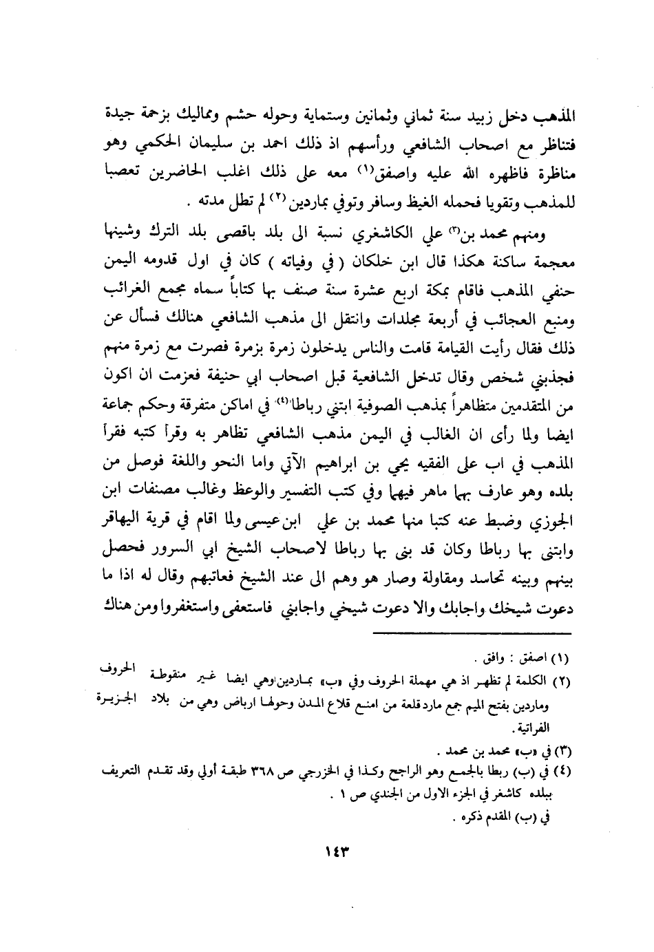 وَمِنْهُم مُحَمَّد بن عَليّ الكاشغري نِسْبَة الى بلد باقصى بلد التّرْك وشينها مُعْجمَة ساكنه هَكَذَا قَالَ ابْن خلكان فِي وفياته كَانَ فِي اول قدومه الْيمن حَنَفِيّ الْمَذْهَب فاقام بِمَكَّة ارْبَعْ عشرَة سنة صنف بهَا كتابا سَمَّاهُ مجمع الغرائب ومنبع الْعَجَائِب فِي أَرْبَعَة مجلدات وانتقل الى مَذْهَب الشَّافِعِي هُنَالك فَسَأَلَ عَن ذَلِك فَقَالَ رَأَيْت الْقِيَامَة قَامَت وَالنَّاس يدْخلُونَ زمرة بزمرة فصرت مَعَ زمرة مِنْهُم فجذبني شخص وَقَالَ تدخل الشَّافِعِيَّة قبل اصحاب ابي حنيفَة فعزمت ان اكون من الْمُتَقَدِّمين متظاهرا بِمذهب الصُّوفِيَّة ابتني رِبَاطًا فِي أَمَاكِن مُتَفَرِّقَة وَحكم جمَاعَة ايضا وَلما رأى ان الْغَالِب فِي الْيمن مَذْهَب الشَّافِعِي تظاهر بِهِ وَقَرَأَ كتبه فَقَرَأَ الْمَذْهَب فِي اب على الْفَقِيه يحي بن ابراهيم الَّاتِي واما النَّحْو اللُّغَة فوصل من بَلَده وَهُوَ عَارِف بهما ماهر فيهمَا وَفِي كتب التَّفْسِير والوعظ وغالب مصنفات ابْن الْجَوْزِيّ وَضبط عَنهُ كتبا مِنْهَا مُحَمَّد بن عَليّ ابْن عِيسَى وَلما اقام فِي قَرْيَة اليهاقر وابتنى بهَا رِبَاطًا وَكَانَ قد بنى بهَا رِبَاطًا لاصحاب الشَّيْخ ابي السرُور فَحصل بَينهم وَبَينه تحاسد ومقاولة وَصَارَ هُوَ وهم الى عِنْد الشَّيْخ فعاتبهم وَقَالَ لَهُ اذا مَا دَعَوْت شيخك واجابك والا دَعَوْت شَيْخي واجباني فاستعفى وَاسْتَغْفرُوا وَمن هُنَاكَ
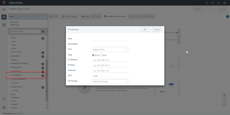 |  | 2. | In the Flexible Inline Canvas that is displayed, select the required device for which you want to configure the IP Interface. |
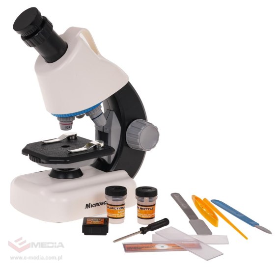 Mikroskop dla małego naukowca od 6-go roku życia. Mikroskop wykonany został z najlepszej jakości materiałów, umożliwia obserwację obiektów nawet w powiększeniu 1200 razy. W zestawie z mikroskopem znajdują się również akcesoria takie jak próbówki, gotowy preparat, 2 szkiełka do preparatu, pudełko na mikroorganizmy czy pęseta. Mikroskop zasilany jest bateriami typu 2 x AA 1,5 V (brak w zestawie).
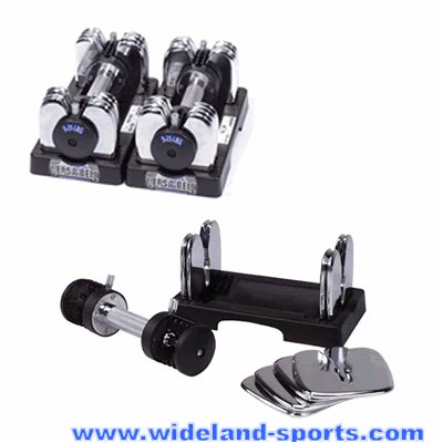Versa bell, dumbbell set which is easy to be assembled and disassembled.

◆ Task directions:
Set the listing down exactly, without its pictures.

◆ Task solution:
 وَمِنْهُم مُحَمَّد بن عَليّ الكاشغري نِسْبَة الى بلد باقصى بلد التّرْك وشينها مُعْجمَة ساكنه هَكَذَا قَالَ ابْن خلكان فِي وفياته كَانَ فِي اول قدومه الْيمن حَنَفِيّ الْمَذْهَب فاقام بِمَكَّة ارْبَعْ عشرَة سنة صنف بهَا كتابا سَمَّاهُ مجمع الغرائب ومنبع الْعَجَائِب فِي أَرْبَعَة مجلدات وانتقل الى مَذْهَب الشَّافِعِي هُنَالك فَسَأَلَ عَن ذَلِك فَقَالَ رَأَيْت الْقِيَامَة قَامَت وَالنَّاس يدْخلُونَ زمرة بزمرة فصرت مَعَ زمرة مِنْهُم فجذبني شخص وَقَالَ تدخل الشَّافِعِيَّة قبل اصحاب ابي حنيفَة فعزمت ان اكون من الْمُتَقَدِّمين متظاهرا بِمذهب الصُّوفِيَّة ابتني رِبَاطًا فِي أَمَاكِن مُتَفَرِّقَة وَحكم جمَاعَة ايضا وَلما رأى ان الْغَالِب فِي الْيمن مَذْهَب الشَّافِعِي تظاهر بِهِ وَقَرَأَ كتبه فَقَرَأَ الْمَذْهَب فِي اب على الْفَقِيه يحي بن ابراهيم الَّاتِي واما النَّحْو اللُّغَة فوصل من بَلَده وَهُوَ عَارِف بهما ماهر فيهمَا وَفِي كتب التَّفْسِير والوعظ وغالب مصنفات ابْن الْجَوْزِيّ وَضبط عَنهُ كتبا مِنْهَا مُحَمَّد بن عَليّ ابْن عِيسَى وَلما اقام فِي قَرْيَة اليهاقر وابتنى بهَا رِبَاطًا وَكَانَ قد بنى بهَا رِبَاطًا لاصحاب الشَّيْخ ابي السرُور فَحصل بَينهم وَبَينه تحاسد ومقاولة وَصَارَ هُوَ وهم الى عِنْد الشَّيْخ فعاتبهم وَقَالَ لَهُ اذا مَا دَعَوْت شيخك واجابك والا دَعَوْت شَيْخي واجباني فاستعفى وَاسْتَغْفرُوا وَمن هُنَاكَ
 |  | 2. | In the Flexible Inline Canvas that is displayed, select the required device for which you want to configure the IP Interface. |
 Mikroskop dla małego naukowca od 6-go roku życia. Mikroskop wykonany został z najlepszej jakości materiałów, umożliwia obserwację obiektów nawet w powiększeniu 1200 razy. W zestawie z mikroskopem znajdują się również akcesoria takie jak próbówki, gotowy preparat, 2 szkiełka do preparatu, pudełko na mikroorganizmy czy pęseta. Mikroskop zasilany jest bateriami typu 2 x AA 1,5 V (brak w zestawie).
Versa bell, dumbbell set which is easy to be assembled and disassembled.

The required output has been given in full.